Page 1 of 1

SCD Clarification

Posted: Mon Apr 30, 2012 4:19 am
by vamsi.4a6
Hi,

When I google it,i got the algorithm of SCD stage as below.


for each new record
get business key
check if business key exists in dimension
if so then
check if record has changed
if so then
if (type 1 change) then update dimension record
if (type 2 change) then expire dimension record and add new dimension record
end if
else
add new dimension record
end if
next record

I have few doubts regarding the above algorithm


1) As per my understanding i modified the above algorithm as below. Could anyone please check it out whether my understanding is correct or not?



for each new record in Primary link
get business key from Primary link
check if business key exists in dimension I.e reference link
if so then
check if record has changed in in dimension I.e reference link
if so then
if (type 1 change) then update dimension record I.e reference link
if (type 2 change) then expire dimension record I.e reference link and add new dimension record I.e reference link
end if
else
add new dimension record I.e reference link
end if
next record from Primary link


2) We did not use any surrogate key in the above algorithm anywhere and I know what is meant by surrogate key but I did not understand how it will impact our algorithm and what is the need for defining it in step2 of SCD Stage?

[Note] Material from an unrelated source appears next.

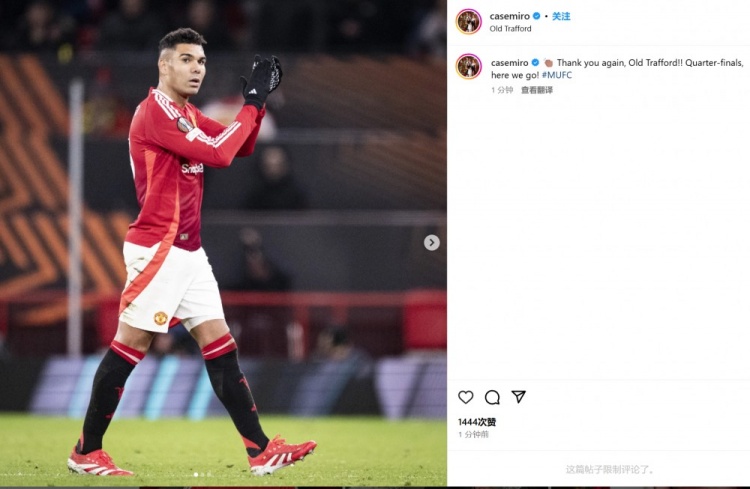 卡塞米羅也在被換下場(chǎng)時(shí)回報(bào)以掌聲,賽后還通過(guò)社媒曬出照片并配文:“再次感謝,老特拉福德?。?!歐聯(lián)杯八強(qiáng)戰(zhàn),我們來(lái)了!”

Could any one please clarify on the above two points?

Posted: Mon Apr 30, 2012 9:14 am
by jerome_rajan
What if you business key is a composite key containing 10 columns? Then you would have to update records based on 10 keys. The FACT will also have these 10 columns and assuming that you have 10 dimensions each with an average of 5 key columns, your FACT would end up with 50 keys! Add the measures to that and you have a table that would be a developer's nightmare.

It all depends on your data model is set up. The surrogate key is there to help improve performance, maintainability and help developers formulate more efficient queries in lesser time.

The truth remains that your model can live without the surrogate key but try asking it a question and it's going to get itself all tangled up.

Posted: Mon Apr 30, 2012 10:06 am
by vamsi.4a6
@jerome_rajan

I got ur point and Could any one please clarify on the first point?

Posted: Mon Apr 30, 2012 10:11 am
by jerome_rajan
What exactly are you trying to say with the following?

add new dimension record I.e reference link

Re: SCD Clarification

Posted: Mon Apr 30, 2012 10:14 am
by chulett
vamsi.4a6 wrote:2) We did not use any surrogate key in the above algorithm anywhere
Clarify this statement for us, please. Do you mean you just didn't include discussion of the role of a surrogate key in your talk about the 'algorithm' involved or are you saying that you did not leverage a surrogate key in your actual dimension / fact modeling? Jerome is assuming the latter hence the concern about '50 keys' but I would find that lack (if it existed) rather... unusual.

Posted: Mon Apr 30, 2012 10:17 am
by vamsi.4a6
jerome_rajan wrote:What exactly are you trying to say with the following?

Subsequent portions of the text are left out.